Нюрка протянула дрожащую ладонь.
– Муж у тебя был, да ушел, и сыночков двух с собой забрал, и дочку... – ходит заскорузлый палец, царапает кожу, читает линии, Богом вычерченные. И ведь правду говорит старуха, был у Нюрки муж, Фимкин да дядькин сын, и жили хорошо, и детей четверо, но пришла в дом моровая, всех с собою увела, сделала Нюрку вдовицею, а Микитку – сиротой.
– Смотри, красавица, беду вижу, горе черное, горе страшное... – продолжает цыганка, уже не пальцем – носом по руке Нюркиной елозя. – Хоронить тебе сына поперед себя. Скоро, скоро уйдет... пусть воды бережется да зимы стережется.
Заголосила Нюрка, а старуха знай за руку держит, не отпускает.
– Будешь, будешь виноватых искать... не найдешь... будешь цветом пустым, хоть и возьмут тебя замуж... будет муж твой дочери его отцом, а жене – мужем. Будет слушать слова твои да кровь лить...
– Убирайся, старая! – заорал дядька.
– А тебе, добрый человек, вот чего скажу: жить тебе до волос седых и головы белой, жить тебе богато, жить тебе несчастно...

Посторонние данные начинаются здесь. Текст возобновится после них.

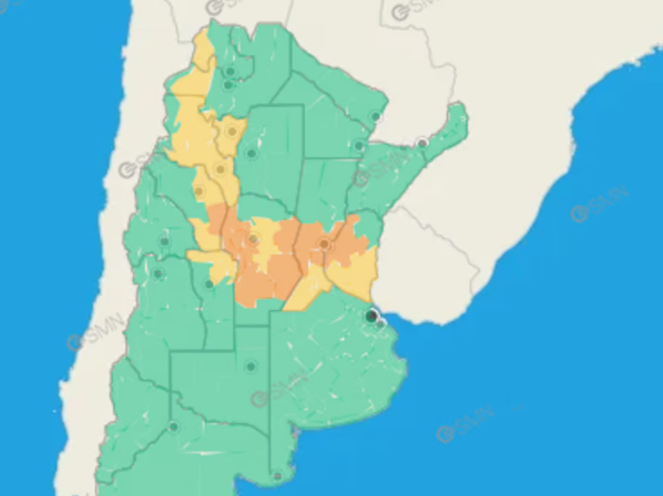 En el caso de las regiones que estarán afectadas por la alerta amarilla por tormentas, las autoridades señalaron que serán el sur de Entre Ríos, el sur de Santa Fe, el centro de Córdoba, el norte de San Luis, el sureste y noreste de La Rioja, gran parte de la provincia de Catamarca, el oeste de Salta y el oeste de Jujuy.

Отошла цыганка от телеги, плат драный на волосы седые накинула да, в Микитку пальцем ткнув, договорила:
– Ты верно угадал, не твоя с нами дорога, но та, которая твоя, лучше б ее и не было. Сильным быть не сдюжишь, во слабости чужую вину возьмешь да крови пролитой попустительствовать станешь. А еще обманом жить, тем, чего и не было никогда. Бывай.
И сгинули.
Весело ехали на ярмарку, тяжко возвращались. Забрался Микитка в самый дальний угол телеги, мешок на солому постелил, свернулся калачиком да думал все про слова цыганки. Наврала ли? Нет, правду говорила, но вот как понять ее?
– Отдать надо было, отдать, – шипела Фимка, наклоняясь к самому мужнину уху. Говорит да на Микитку озирается – слышит ли, разумеет ли. А он и слышит, и разумеет, но виду не кажет, наоборот, глаза закрыл, мешок натянул, будто бы притомился, спит.
– Бесово семя, дикое племя... братец твой со знахаркиной дочкой связался, в дом бесприданную взял, под венец повел, а она, может, и вовсе некрещеная была.
Скрипит телега, грукают копыта по мощеной дороге, орут вороны, льется в уши злой Фимкин шепот:
– Выродила на нашу погибель. Слышал, слышал, что сказано? Погубит он Егороньку, сглазом в могилу сведет!
А Егорка про сказанное и забыл давно, перевесился через борт телеги да собак дразнит, язык показывает, Нюрка же рядышком с сыном сидит, ни жива ни мертва, бела, точно полотно, лицом, а внутри у нее – черным-черно.
– Позарится на дом твой, на хозяйство. Сам-то босота да голь перекатная, Егороньке все отойдет...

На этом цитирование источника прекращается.